Como já escrevi no artigo anterior a esse, na maioria dos países pelo mundo, o transporte ferroviário seja de composição cargueira ou de passageiro é bastante utilizado compreendendo uma malha ferroviária infinitas vezes mais extensa do que no Brasil. Esses trens cruzam bairros, cidades, centros urbanos em passagens de nível e o índice de acidentes é próximo ao zero com exceção da Índia, país no qual a malha ferroviária pela sua dimensão gigantesca está bastante sucateada, ultrapassada e mal cuidada. O que faz o índice de acidente ser praticamente inexistente na maioria dos países é a instalação de cancelas eletrônicas controladas por sensores e softwares além da sinalização ostensiva. Dificilmente falha.
Vamos ver agora então a quem caberia a responsabilidade de instalação de cancelas em passagens de nível. Em Dezembro de 2022 a 2ª Turma do Superior Tribunal de Justiça firmou acórdão em razão de uma demanda envolvendo uma empresa privada de ferrovia que opera em 21 bairros de Criciúma-SC., e o Ministério Público de Santa Catarina.
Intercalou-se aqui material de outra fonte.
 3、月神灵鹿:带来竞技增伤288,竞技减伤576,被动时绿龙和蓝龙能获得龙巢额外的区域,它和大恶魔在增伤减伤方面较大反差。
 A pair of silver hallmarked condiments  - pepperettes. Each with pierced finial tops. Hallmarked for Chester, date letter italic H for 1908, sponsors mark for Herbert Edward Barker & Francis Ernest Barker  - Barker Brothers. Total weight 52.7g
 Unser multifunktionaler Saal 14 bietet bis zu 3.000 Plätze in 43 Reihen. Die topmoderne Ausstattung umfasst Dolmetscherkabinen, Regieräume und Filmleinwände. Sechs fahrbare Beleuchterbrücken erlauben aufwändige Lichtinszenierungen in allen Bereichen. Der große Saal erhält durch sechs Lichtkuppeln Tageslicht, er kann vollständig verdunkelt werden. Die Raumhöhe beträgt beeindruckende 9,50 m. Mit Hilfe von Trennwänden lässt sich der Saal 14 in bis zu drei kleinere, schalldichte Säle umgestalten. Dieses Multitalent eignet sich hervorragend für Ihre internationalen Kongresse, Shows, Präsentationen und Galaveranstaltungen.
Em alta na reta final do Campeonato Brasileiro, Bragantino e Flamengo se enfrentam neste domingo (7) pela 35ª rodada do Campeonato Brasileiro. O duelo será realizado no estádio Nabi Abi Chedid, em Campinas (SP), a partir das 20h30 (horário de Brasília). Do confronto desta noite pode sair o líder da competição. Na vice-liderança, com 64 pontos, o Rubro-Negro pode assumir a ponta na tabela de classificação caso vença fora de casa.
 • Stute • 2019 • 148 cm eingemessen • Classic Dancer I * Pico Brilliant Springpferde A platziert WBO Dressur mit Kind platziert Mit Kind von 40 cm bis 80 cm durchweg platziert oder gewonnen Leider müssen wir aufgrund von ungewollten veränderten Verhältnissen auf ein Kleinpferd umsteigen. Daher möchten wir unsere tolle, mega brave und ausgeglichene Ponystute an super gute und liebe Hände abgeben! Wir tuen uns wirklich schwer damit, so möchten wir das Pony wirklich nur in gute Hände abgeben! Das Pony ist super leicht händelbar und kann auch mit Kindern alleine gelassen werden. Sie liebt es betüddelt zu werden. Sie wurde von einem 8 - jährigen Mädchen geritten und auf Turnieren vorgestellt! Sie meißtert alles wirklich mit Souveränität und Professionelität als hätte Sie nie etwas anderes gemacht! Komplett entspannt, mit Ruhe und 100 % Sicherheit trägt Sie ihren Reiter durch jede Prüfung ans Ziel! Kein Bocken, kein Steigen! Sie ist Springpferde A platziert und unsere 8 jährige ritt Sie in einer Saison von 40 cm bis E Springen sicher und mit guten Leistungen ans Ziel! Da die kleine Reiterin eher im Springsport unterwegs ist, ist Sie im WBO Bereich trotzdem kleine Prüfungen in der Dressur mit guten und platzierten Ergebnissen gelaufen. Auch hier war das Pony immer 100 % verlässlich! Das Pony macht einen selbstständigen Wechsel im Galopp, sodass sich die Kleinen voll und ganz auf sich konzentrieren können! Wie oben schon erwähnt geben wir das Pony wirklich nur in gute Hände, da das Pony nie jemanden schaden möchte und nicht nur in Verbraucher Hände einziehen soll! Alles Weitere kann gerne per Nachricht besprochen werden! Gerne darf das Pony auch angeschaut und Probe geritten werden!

Para isso, o STJ valeu-se do Decreto nº 1.832/1996 que trata do regulamento dos transportes ferroviários e do Código de Trânsito Brasileiro. Vejamos:
Decreto nº 1.832/1996, artigo 10, parágrafo 4:
§ 4° O responsável pela execução da via mais recente assumirá todos os encargos decorrentes da construção e manutenção das obras e instalações necessárias ao cruzamento, bem como pela segurança da circulação no local.
Código de Transito Brasileiro, artigo 24, inciso III:
Compete aos órgãos e entidades executivos de trânsito dos Municípios, no âmbito de sua circunscrição: (Redação dada pela Lei nº 13.154, de 2015). III - implantar, manter e operar o sistema de sinalização, os dispositivos e os equipamentos de controle viário.
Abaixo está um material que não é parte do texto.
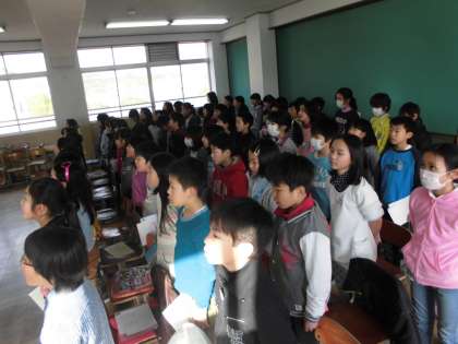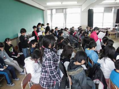 今は18日(水)の「2分の1成人式」に向けて練習しています。生まれたときから今までをふり返り,そして10年後の自分を想像して,8つの作文を書きました。式では,その8つの作文を「よびかけ」の言葉の中で,発表します。今日はその「よびかけ」の言葉を最初から最後まで,通して練習しました。
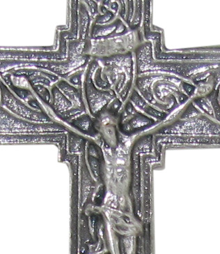 Croce da tavolo in metallo argentato con base in legno. Altezza della croce: 5 cm.
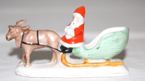 Title (ebay affiliate link): Bisque Moose pulling Santa in Sleigh. German Snow Baby figure. 1930s. Miniature

Assim sendo, decidiu o STJ:
“Se ferrovia é anterior ao bairro, município deve pagar por obras de sinalização.”
Aqui o REsp Nº 1.569.468 - SC (2015/0300604-6)
Outrossim, em razão do acidente em Jandaia do Sul, tramita na Câmara dos Deputados o Projeto de Lei 1066/23 "que torna obrigatória a instalação de cancelas automáticas equipadas com dispositivos sonoros e visuais, e de semáforos nos cruzamentos rodoferroviários e passagens de nível em zonas urbanas ou de expansão urbana. Além disso, a velocidade máxima dos trens nesses trechos será de 15 km/h".
No caso do acidente no Distrito Federal vemos um gradiente de responsabilidades que passa pelo condutor do coletivo, aumenta a nuance quando passa pelo maquinista e pela Cia ferroviária e ganha cores fortes (muito fortes!) ao atingir o poder público municipal que na minha opinião é omisso nessa questão que envolve segurança nas passagens de nível. Pois é, mas que surpresa, não? A instalação de cancelas não rende votos e em acidentes como esses é muito mais prático e fácil dar as mãos à imprensa e culpar em uníssono o condutor do coletivo.